12. A process for producing cells capable of expressing a polypeptide comprising genetically engineering cells with the vector of Claim 9.

13. A polypeptide selected from the group consisting of (i) a polypeptide having the deduced amino acid sequence of SEQ ID No.
2 and fragments, analogs and derivatives thereof; and (ii) a polypeptide encoded by the cDNA of ATCC Deposit No. 75676 and fragments, analogs and derivatives of said polypeptide.

14. The polypeptide of Claim 13 wherein the polypeptide has the deduced amino acid sequence of SEQ ID No. 2.

15. An agonist for the polypeptide of claim 13.

16. An antagonist against the polypeptide of claim 13.

17. A method for the treatment of a patient having need of Ck.beta.-8 comprising: administering to the patient a therapeutically effective amount of the polypeptide of claim 13.

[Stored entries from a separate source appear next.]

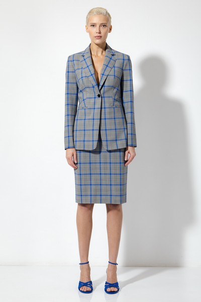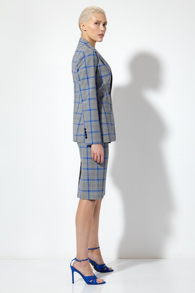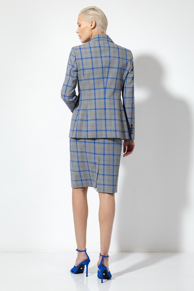 Классический костюм из смесовой ткани с актуальным принтом в клетку.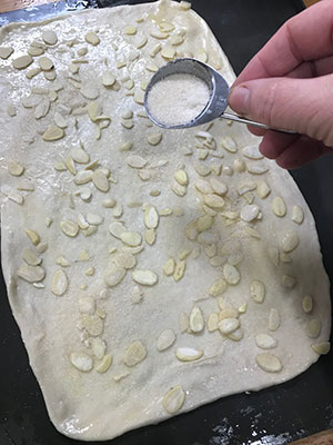 - Carefully lift onto a baking sheet , the dough is elastic so may shrink back in size, if so gently pull to stretch it back again. Brush all over with olive oil and then sprinkle with half of the caster sugar and half of the nuts if using.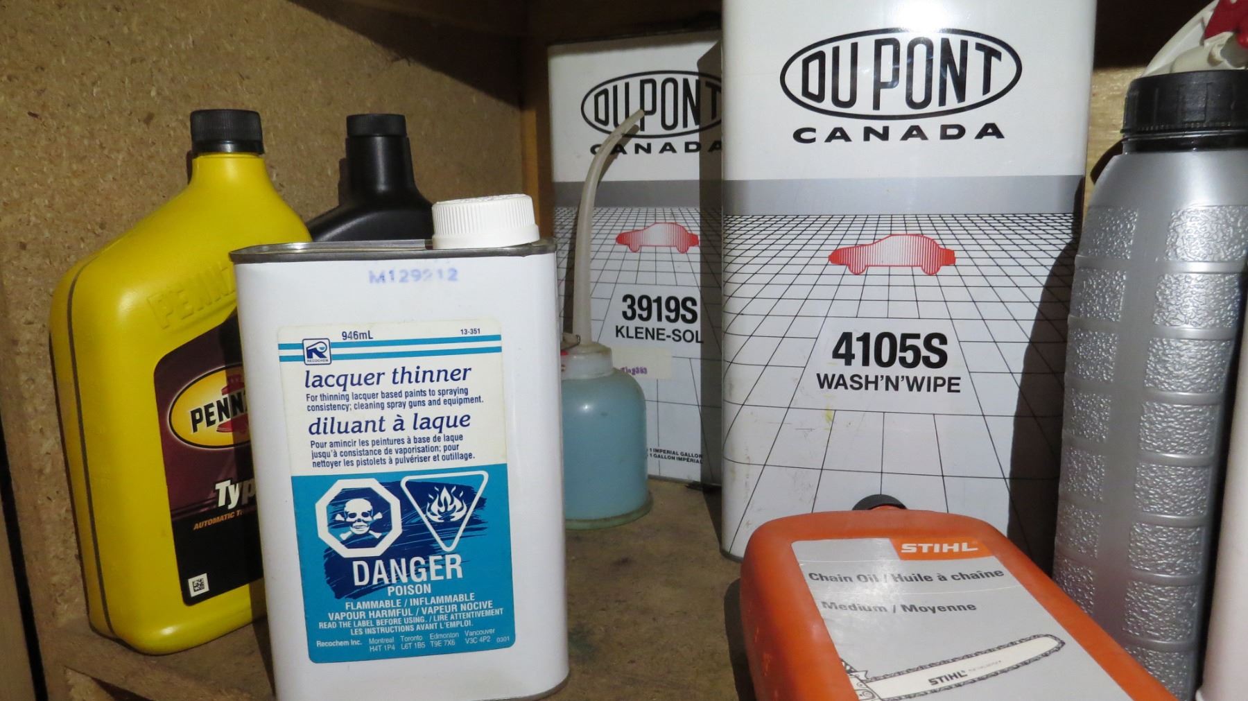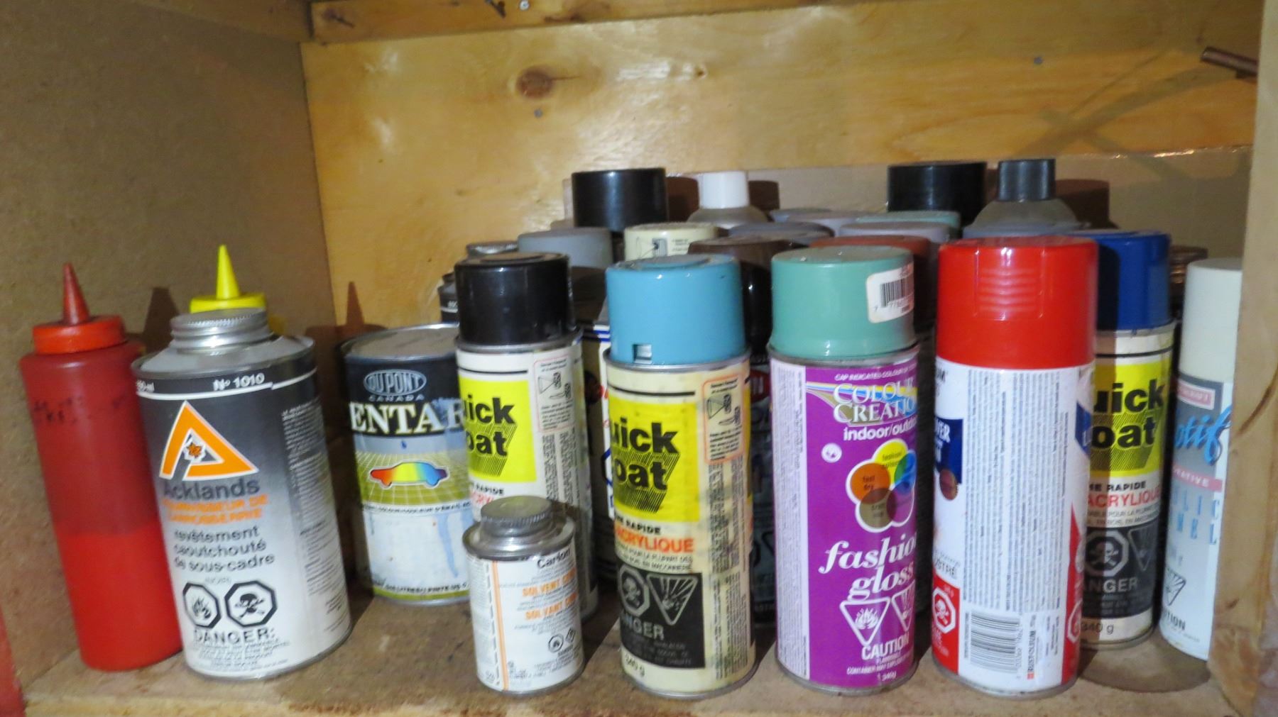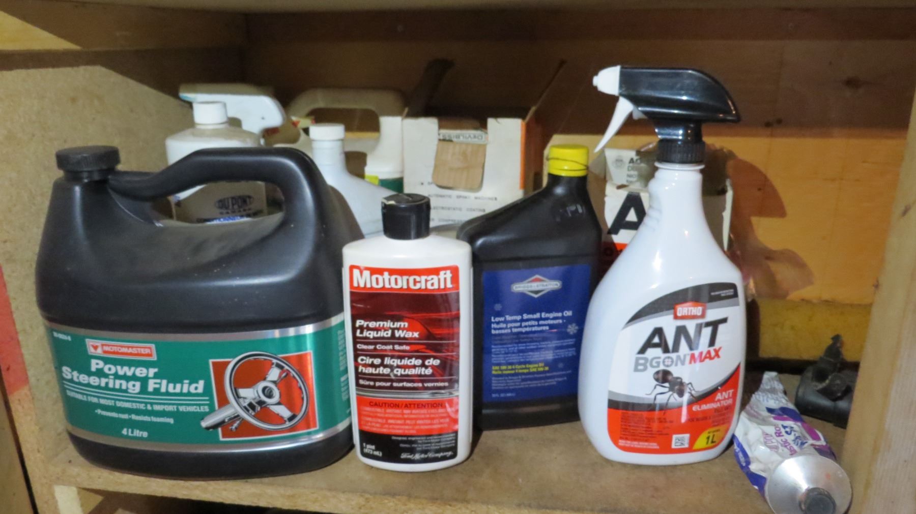 Contents of (5) shelves - solvents, oils, paints, ant out

18. The method of Claim 17 wherein said therapeutically effective amount of the polypeptide is administered by providing to the patient DNA encoding said polypeptide and expressing said polypeptide in vivo.

19. A method for the treatment of a patient having need to inhibit a Ck.beta.-8 polypeptide comprising: administering to the patient a therapeutically effective amount of the antagonist of Claim 16.

20. A process for diagnosing a disease or a susceptibility to a disease related to an under-expression of the polypeptide of claim 13 comprising:
determining a mutation in the nucleic acid sequence encoding said polypeptide.

21. A diagnostic process comprising:
analyzing for the presence of the polypeptide of claim 13 in a sample derived from a host.

22. A process for identifying antagonists and agonists to the polypeptide of claim 13 comprising:
combining cells, a compound to be screened and said polypeptide wherein the cells are separated from said polypeptide by a porous filter; and determining the extent of migration of the cells to determine if the compound is an effective antagonist or agonist.